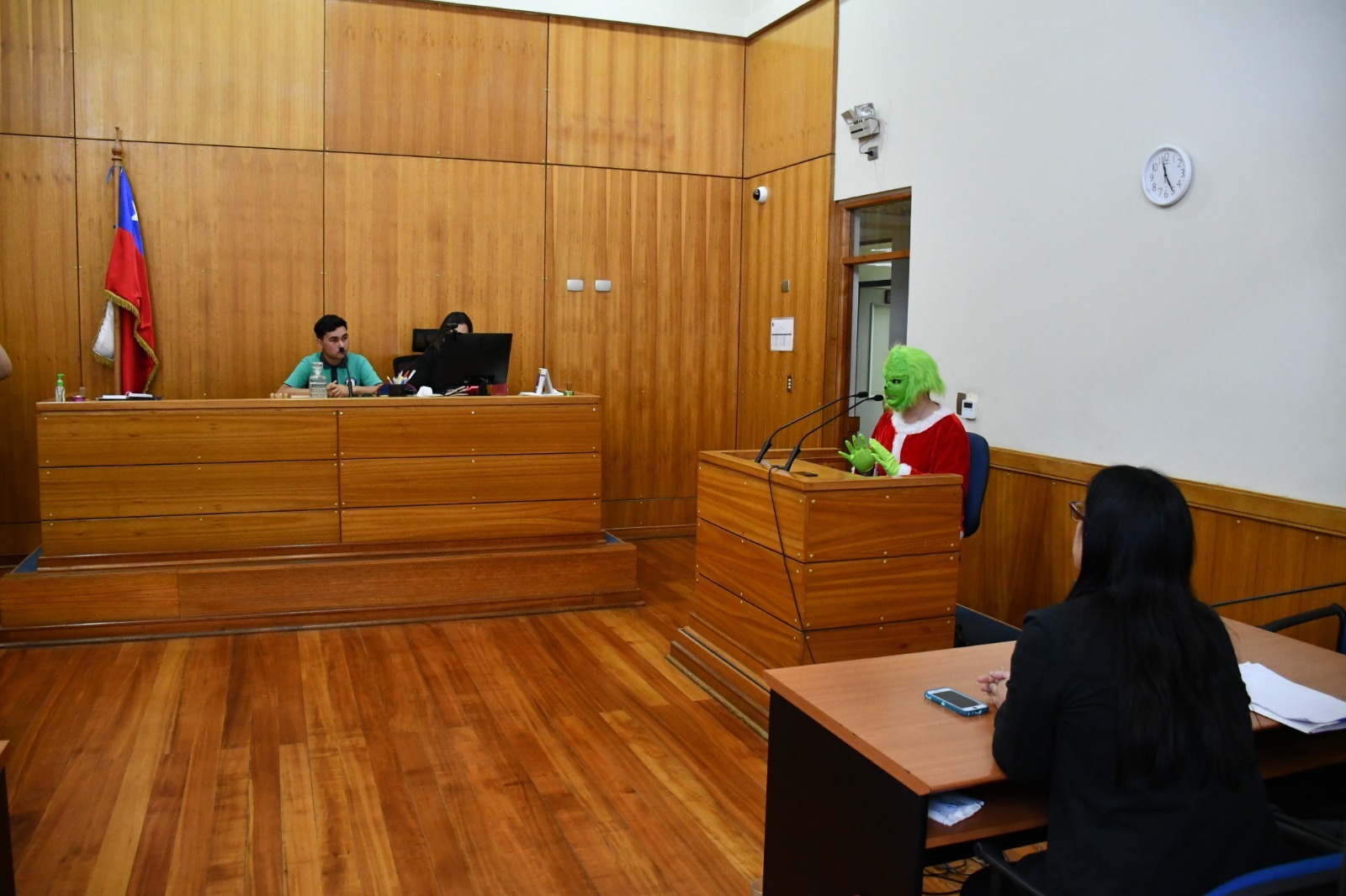 Rengo. — En una inusual y educativa jornada, estudiantes de 1° a 3° Medio del Liceo Industrial Esteban Leyton Soto participaron en un ejercicio práctico que les permitió desempeñar los roles de juez, fiscal y defensor en una audiencia de formalización realizada en el Juzgado de Garantía de Rengo. La actividad recreó un caso ficticio en que “El Grinch” fue imputado por el delito de robo en lugar no habitado tras sustraer juguetes destinados a niños y niñas de la ciudad en Navidad.
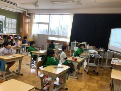 3、4年生は英語の勉強で、お店の人とお客さんのやりとりを通して「what do you want?」「two banana」などの言い方を学んでいました。いろいろ応用することで、英語に親しめそうですね。
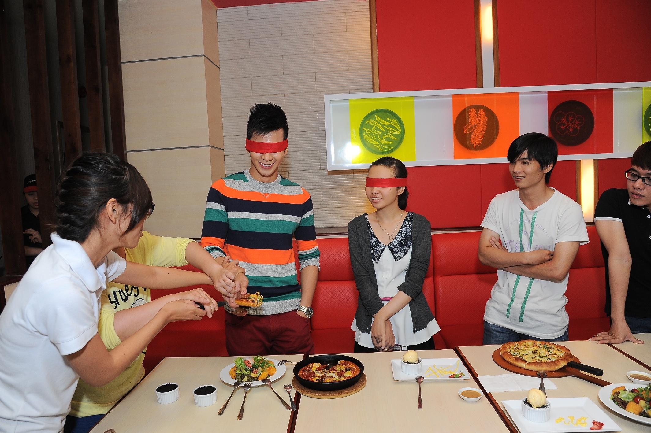 Một trong những điểm khiến Hồ Vĩnh Khoa thích nhất chính là được khám phá thực đơn mới của Pizza Hut theo cách rất đặc biệt. Đầu tiên, anh chàng được thử làm phục vụ 1 ngày tại nhà hàng Pizza Hut để gây bất ngờ. “Nhân viên không chuyên” Hồ Vĩnh Khoa khiến các vị khách rất thích thú.
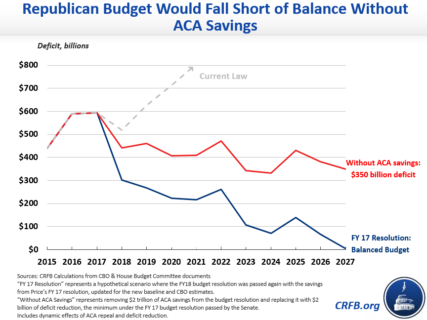 Adopting the same savings from last year's proposed budget would be sufficient to reach balance by 2027. Yet if ACA repeal and replace saved only $2 billion instead of $2 trillion, the budget would leave a $350 billion deficit at the end of the decade.
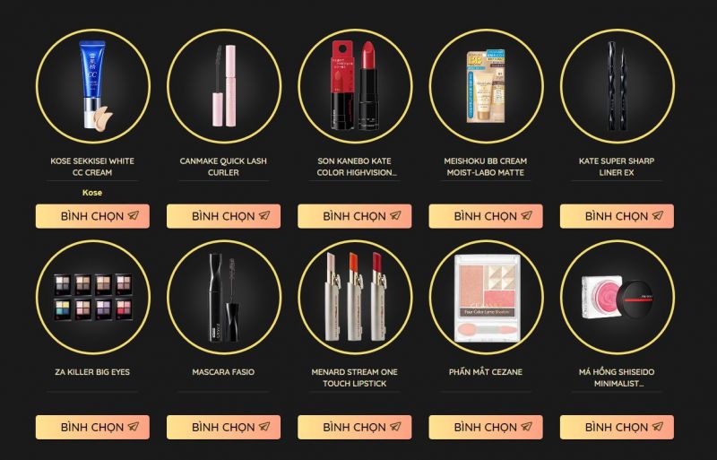 Các sản phẩm được đề cử ở hạng mục trang điểm gồm: Za Killer Big Eyes, Kóse Sekkisei White CC Cream, Meishoku BB Cream Moist-Labo Matte, má hồng Shiseido, Canmake Quick Lash Curler, son Kanebo, phấn mắt Cezane, Mascara Fasio, Kate Super Sharp Liner EX, Menard Stream One Touch Lipstick. Trong đó, Son Kate Color Highvision Rouge dành vị trí quán quân trong đợt bình chọn này ở hạng mục sản trang điểm.
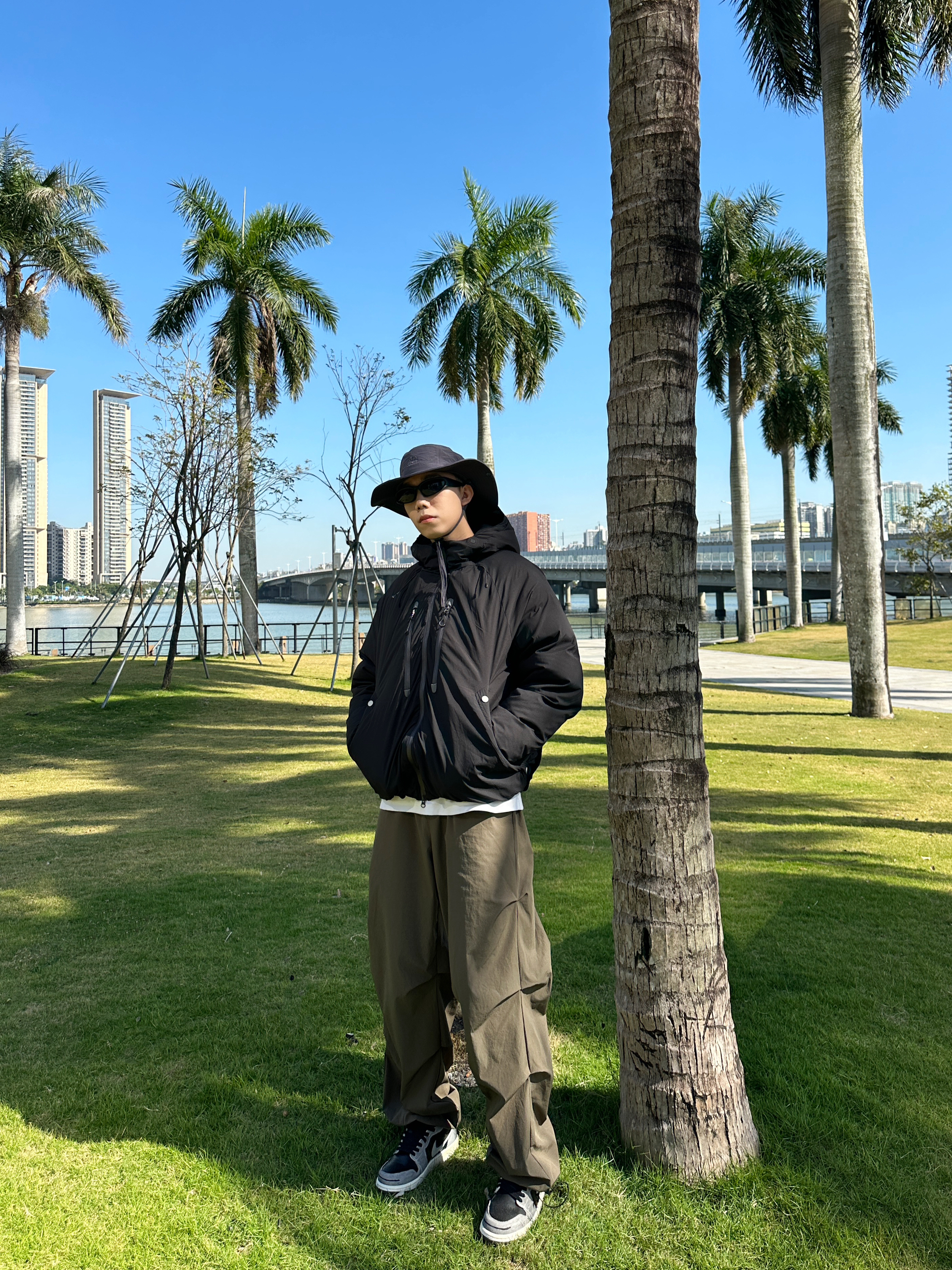 - 好久没出门晒太阳了喂! 今天难得出门,好好穿一下~ 黑色解构棉服外套➕棕色伞兵裤👖 渔夫帽➕墨镜➕书包等配饰也安排一下! 出门穿上这双喷墨渐变高街Air Jordan 1 复古配色简约而不失高级感,十分百搭哦😯 那么今日份秋冬户外穿搭就分享到这啦👋
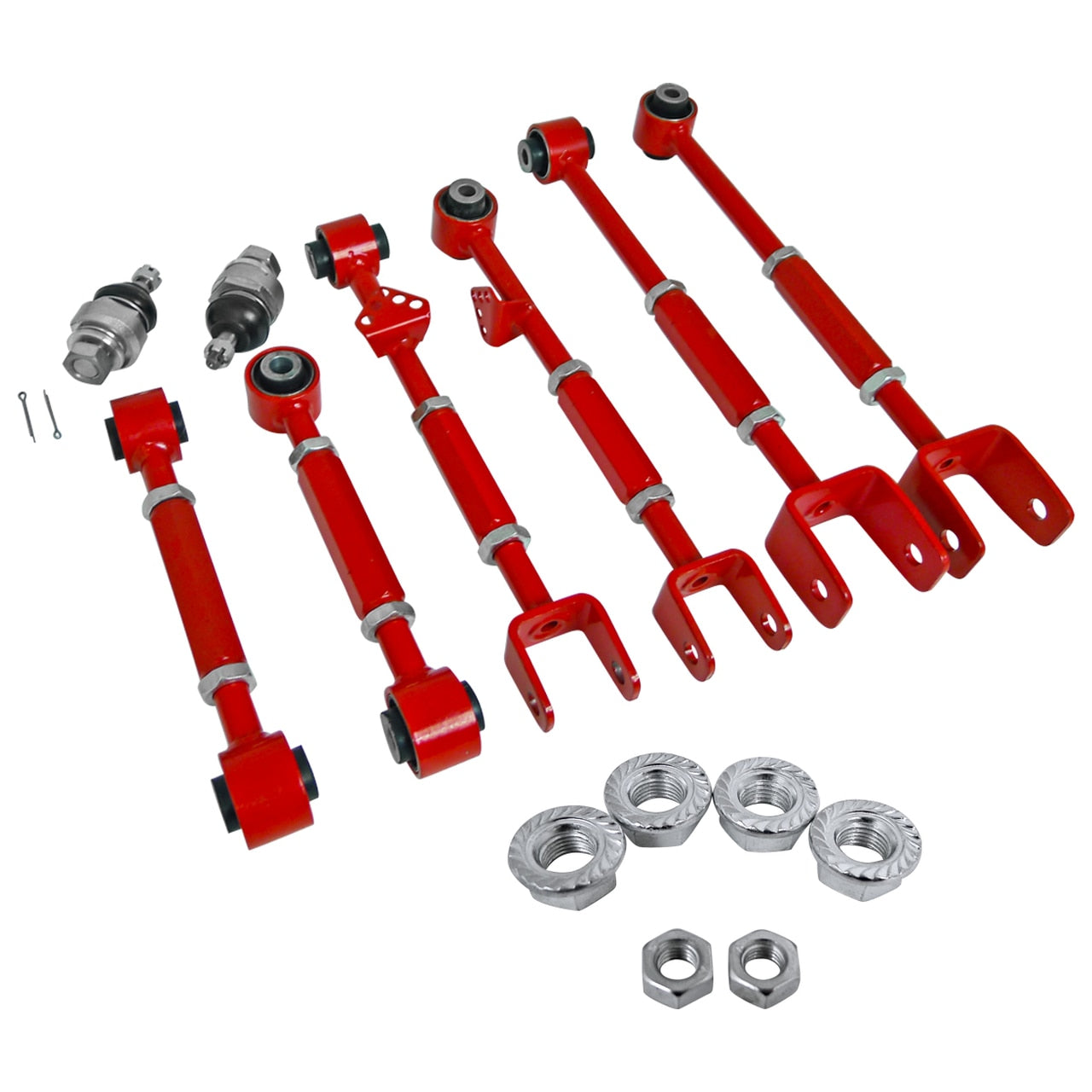 - Comes with 2 pieces (left & right) of front adjustable lower ball joints & 6 pieces (left & right) of rear adjustable control arms
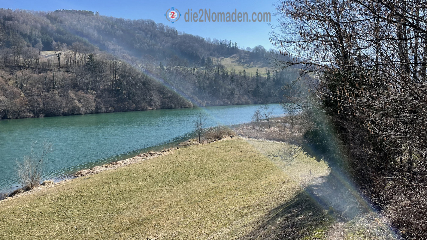 Nachdem hier auch schon der Faller Wasserfall angeschrieben ist, machen wir eine kurze Rast in der Sonne auf der Türschwelle des Wasserspeichers Ternberg mit herrlichem Rundblick und genießen einen saftigen Apfel.
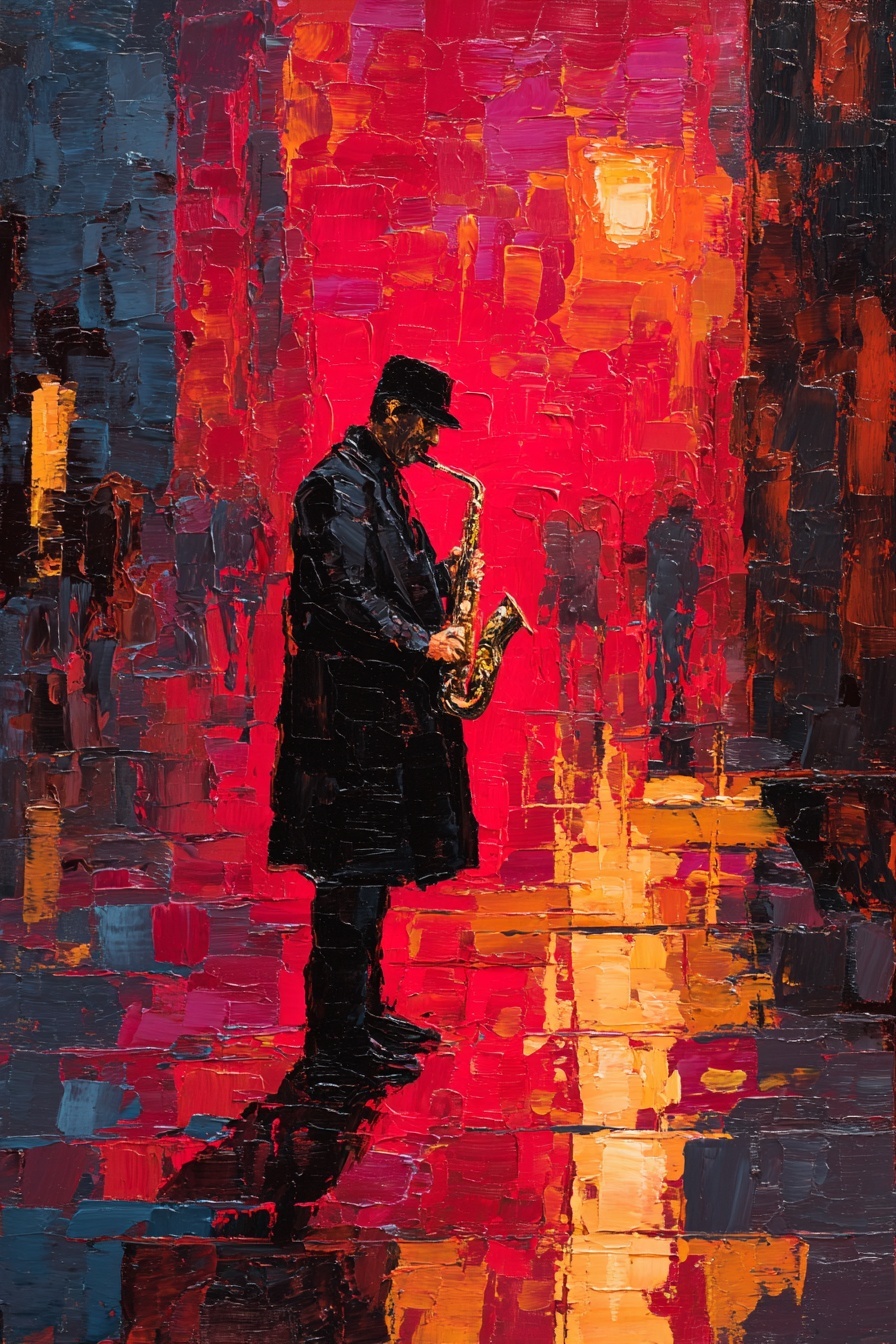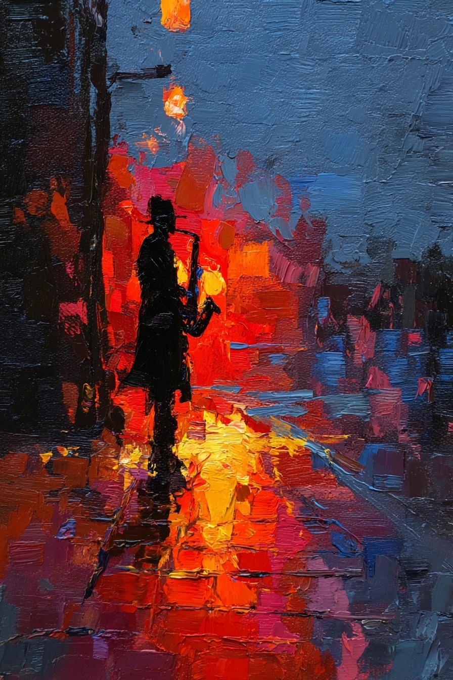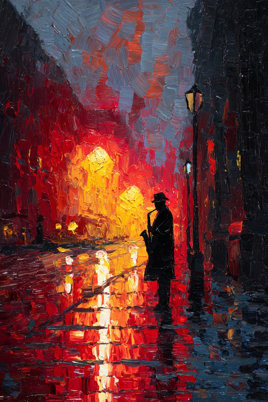 Уличный саксофонист под фонарём в дождливую ночь. Картина в стиле современного импрессионизма с густыми мазками, тёплым светом и драматической атмосферой.
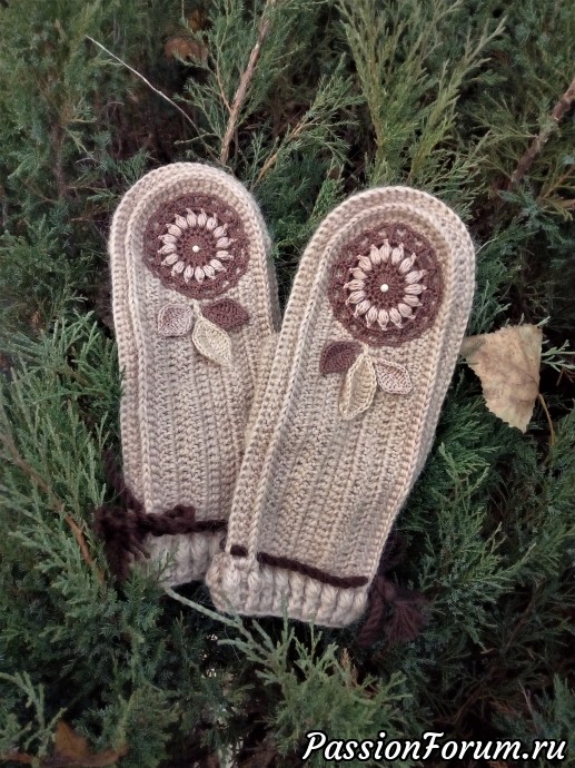 Здравствуйте! Связала теплые варежки крючком. Первая пара из двух половинок, вяжутся отдельно, потом сшиваются и украшаются вышивкой или вязаными элементами. На YouTube есть хороший МК по вязанию таких варежек. Вот только палец вязала столбиками без накида по кругу спиралью, мне кажется, так аккуратнее получается.
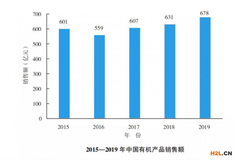 近年來,我國有機(jī)產(chǎn)品的銷售額相對穩(wěn)定增長,基本保持在600億元以上。相比2015年,2019年我國有機(jī)產(chǎn)品銷售額增加了1.13倍,2019年我國有機(jī)產(chǎn)品估算的銷售額為678億元,較2018年增加了46億元。

Task to complete = From the line containing "Một trong những" through the line containing "Здравствуйте! Связала теплые", copy every line above exactly, without pictures.

Your response =
 Một trong những điểm khiến Hồ Vĩnh Khoa thích nhất chính là được khám phá thực đơn mới của Pizza Hut theo cách rất đặc biệt. Đầu tiên, anh chàng được thử làm phục vụ 1 ngày tại nhà hàng Pizza Hut để gây bất ngờ. “Nhân viên không chuyên” Hồ Vĩnh Khoa khiến các vị khách rất thích thú.
 Adopting the same savings from last year's proposed budget would be sufficient to reach balance by 2027. Yet if ACA repeal and replace saved only $2 billion instead of $2 trillion, the budget would leave a $350 billion deficit at the end of the decade.
 Các sản phẩm được đề cử ở hạng mục trang điểm gồm: Za Killer Big Eyes, Kóse Sekkisei White CC Cream, Meishoku BB Cream Moist-Labo Matte, má hồng Shiseido, Canmake Quick Lash Curler, son Kanebo, phấn mắt Cezane, Mascara Fasio, Kate Super Sharp Liner EX, Menard Stream One Touch Lipstick. Trong đó, Son Kate Color Highvision Rouge dành vị trí quán quân trong đợt bình chọn này ở hạng mục sản trang điểm.
 - 好久没出门晒太阳了喂! 今天难得出门,好好穿一下~ 黑色解构棉服外套➕棕色伞兵裤👖 渔夫帽➕墨镜➕书包等配饰也安排一下! 出门穿上这双喷墨渐变高街Air Jordan 1 复古配色简约而不失高级感,十分百搭哦😯 那么今日份秋冬户外穿搭就分享到这啦👋
 - Comes with 2 pieces (left & right) of front adjustable lower ball joints & 6 pieces (left & right) of rear adjustable control arms
 Nachdem hier auch schon der Faller Wasserfall angeschrieben ist, machen wir eine kurze Rast in der Sonne auf der Türschwelle des Wasserspeichers Ternberg mit herrlichem Rundblick und genießen einen saftigen Apfel.
 Уличный саксофонист под фонарём в дождливую ночь. Картина в стиле современного импрессионизма с густыми мазками, тёплым светом и драматической атмосферой.
 Здравствуйте! Связала теплые варежки крючком. Первая пара из двух половинок, вяжутся отдельно, потом сшиваются и украшаются вышивкой или вязаными элементами. На YouTube есть хороший МК по вязанию таких варежек. Вот только палец вязала столбиками без накида по кругу спиралью, мне кажется, так аккуратнее получается.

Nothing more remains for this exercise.